Suppose that you have shown that whenever $X$ is true, then $Y$ is true, and whenever $Y$ is false, then $X$ is false. Have you now demonstrated that $X$ is true if and only if $Y$ is true? Explain.

$(X \rightarrow Y) \land (\lnot Y \rightarrow \lnot X)$, which reduces to $\lnot X \lor Y$, or just $X \rightarrow Y$ which is not the same as if-and-only-if.

Suppose that you know that $X$ is true if and only if $Y$ is true, and you know that $Y$ is true if and only if $Z$ is true. Is this enough to show that $X, Y, Z$ are all logically equivalent? Explain.

I think so? We know $X$ is logically equivalent to $Y$, and $Y$ is logically equivalent to $Z$, and by transitive property, $X$ is logically equivalent to $Z$, so they're all logically equivalent. I'm not sure if I am "allowed" to just invoke transitive property like that or if I have to show that it even applies here.

Suppose you know that whenever $X$ is true, then $Y$ is true; that whenever $Y$ is true, then $Z$ is true; and whenever $Z$ is true, then $X$ is true. Is this enough to show that $X, Y, Z$ are all logically equivalent? Explain.

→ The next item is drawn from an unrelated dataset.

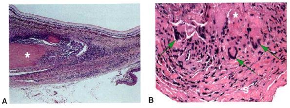 Necrotizing granulomatous scleritis and palisading arrangement of histiocytes and multinucleated giant cells.
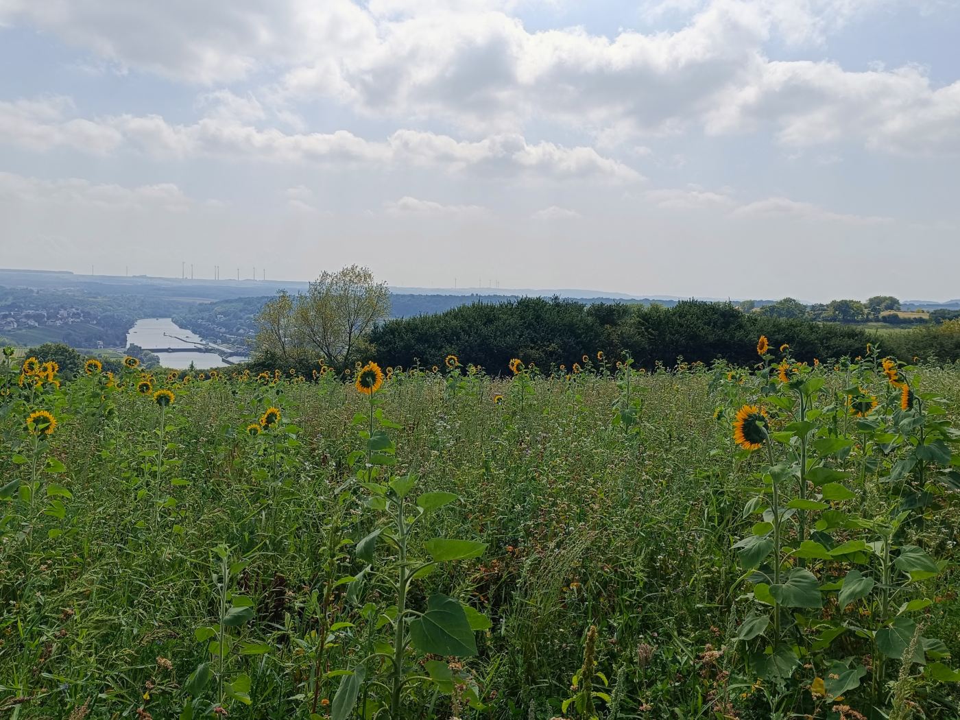 We laten Ehnen achter ons en dus beginnen we wederom te klimmen. Er zijn nog zekerheden hier aan de Luxemburgse Moezel. Gelukkig is het maar eventjes doorbijten en wanneer we tussen de wijngaarden zitten gaat het opnieuw vlak verder. De Moezel maakt een bocht en wij doen dat ook, maar dan in de andere richting. De GR 5 wijkt af van de rivier naar Greiveldange zodat we een grote bocht van de Moezel kunnen afsnijden. We dalen af naar de bebouwde kom en dan is het opnieuw tijd om te klimmen. Eerst via de weg, daarna snijden we een klein stukje af via enkele trappen. Leon ziet de trappen en wil terug zelf stappen, dat laat ik mezelf geen twee keer zeggen! Natuurlijk valt het hem tegen dat het maar 10 treden zijn. We trekken opnieuw verder tussen de druivenvelden en spelen ondertussen wat raadspelletjes met de kinderen. We passeren een, schijnbaar, gekraakte woning, maar ook een mooi zonnebloemveld. Regelmatig zien we wilde bloemen en ook bijenkasten. Het is ondertussen al na 12u30 en de eerste picknick bank kunnen we niet gebruiken, want ze staat bij een afgesloten helipad. Verderop is er volgens de kaart nog een BBQ plaats; daar moet een bank zijn! En ja hoor, na 12 km stappen treffen we een prachtige rustplaats.

$(X \rightarrow Y) \land (Y \rightarrow Z) \land (Z \rightarrow X)$, right? So by transitive property again, we have $(X \rightarrow Z) \land (Z \rightarrow X)$ so $X$ and $Z$ are logically equivalent, and similar for the other two combinations.

Answer 1

1. Yes, you have shown equivalence since you have $$X\rightarrow Y\ \&\ Y\rightarrow X \equiv X\leftrightarrow Y. $$
2. No. You have shown $$X\rightarrow Y\ \&\ \neg Y\rightarrow\neg X \equiv X\rightarrow Y\ \&\ X\rightarrow Y\equiv X\rightarrow Y. $$
3. Yes, since the implication operation is transitive.
4. Yes. Again, transitivity of implication. We have $$X\rightarrow Y\ \&\ Y\rightarrow Z\ \&\ Z\rightarrow X. $$ The statements $X,Y,Z$ are pairwise equivalent using the identity given at 1. since $$X\rightarrow Y\ \&\ (Y\rightarrow Z\ \&\ Z\rightarrow X) \equiv X\rightarrow Y\ \&\ Y\rightarrow X\equiv X\leftrightarrow Y\\ (X\rightarrow Y\ \&\ Y\rightarrow Z)\ \&\ Z\rightarrow X \equiv X\rightarrow Z\ \&\ Z\rightarrow X\equiv X\leftrightarrow Z\\ Y\rightarrow Z\ \&\ (Z\rightarrow X\ \&\ X\rightarrow Y) \equiv Y\rightarrow Z\ \&\ Z\rightarrow Y\equiv Y\leftrightarrow Z $$

Answer 2

Yes you have. The contrapositive of $p\implies q$ is $\lnot q\implies \lnot p$. They are equivalent.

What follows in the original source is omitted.